I understand that "no" isn't the answer you're looking for but I'm not sure what else to say in response. A computer system is the opposite of an ad hoc stereotype; it can be directly tested for problems and those problems can be corrected if found.

It's a problem when people use this kind of system to circumvent the question of "do we have to make this judgment at all". We shouldn't, for example, predict from someone's photo how likely they are to commit a crime, so we're rightly skeptical of people who try to argue about system X or system Y might better predict it.

But as the source article covers, the UK's asylum laws require it to make this age judgment, because child migrants are entitled to special programs separate from adult migrants on account of their vulnerable status.

Are you familiar with how AI gets trained?
I am. I would expect an age classification model to be trained on a dataset containing pictures of people with known ages and their known age.

It's true that the model might develop the same strange belief that large hands prove a Vietnamese person is not 17, if the training data is biased in that way. There's no perfect solution.

Purely curious if there's better ways, like I know X Rays can get us pretty close for children and adolescents, but that might not be the best way to do it, I wonder if there's other alternatives that are low cost.
I wouldn't think so. Legal adulthood is a pretty arbitrary line in the sand.
What?
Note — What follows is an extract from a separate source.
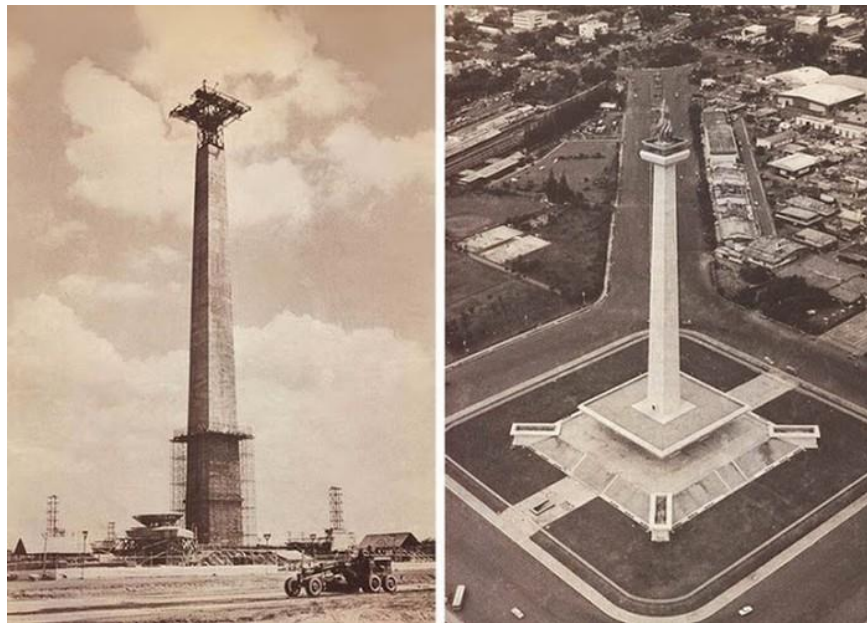
Figure 3. Construction of the National Monument

minister of home affairs, supported by a local representative council serving as the legislative body. Following the dissolution of the federal system in 1950, Indonesia reverted to a unitary state, with Jakarta continuing as the capital of the Republic of Indonesia. Simultaneously, the city underwent swift development as a hub of national governance, diplomacy, and the contemporary economy, with state institutions, foreign representatives, and international corporations contributing to the formation of Jakarta's identity as a postcolonial metropolis [38].

The issue is people lying about their age I am just asking if theres a simple biological way to determine age, barring medical conditions that might skew someones age that is.
I guess that was my point in a roundabout way- they lie about their age to pretend to be under the legal adulthood age limit.

Some animals do have fairly reliable (if invasive to utilize) means of telling their age- I think their tusks grow rings like trees, which could be counted to measure years.

Humans don't really have any equivalent that I'm aware of. There are approximations such as bone fusing and cartilage density that can tell if a person is in the neighborhood of 18 years old, but I don't think it is sufficient for legal purposes.

For further reading, https://pmc.ncbi.nlm.nih.gov/articles/PMC2465138/#!po=3.3333... discusses using MRIs to determine age, with a roughly 1% false measurement rate on a very specific set of individuals with confounding factors- ethnic differences, nutritional habits, physical activity etc.